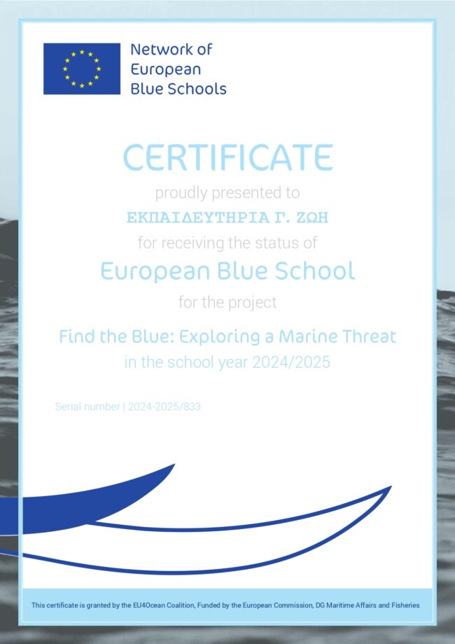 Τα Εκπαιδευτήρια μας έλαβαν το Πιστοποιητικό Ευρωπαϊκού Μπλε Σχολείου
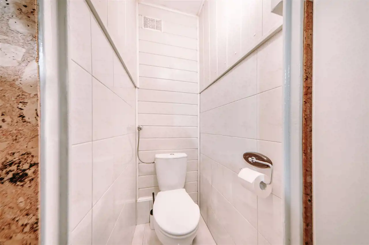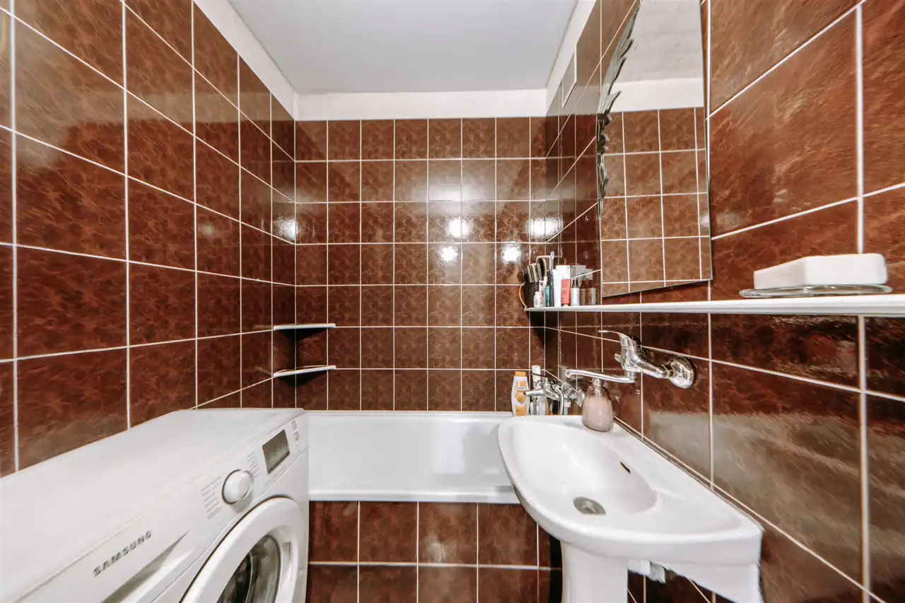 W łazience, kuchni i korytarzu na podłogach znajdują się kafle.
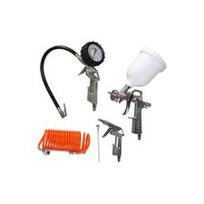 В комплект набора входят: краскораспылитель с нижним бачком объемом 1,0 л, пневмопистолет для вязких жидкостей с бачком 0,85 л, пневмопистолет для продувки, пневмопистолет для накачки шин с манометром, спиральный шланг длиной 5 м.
----
#### [TASK DETAILS]
Reproduce the material exactly; omit the pictures.

#### [SOLUTION]
 Τα Εκπαιδευτήρια μας έλαβαν το Πιστοποιητικό Ευρωπαϊκού Μπλε Σχολείου
 W łazience, kuchni i korytarzu na podłogach znajdują się kafle.
 В комплект набора входят: краскораспылитель с нижним бачком объемом 1,0 л, пневмопистолет для вязких жидкостей с бачком 0,85 л, пневмопистолет для продувки, пневмопистолет для накачки шин с манометром, спиральный шланг длиной 5 м.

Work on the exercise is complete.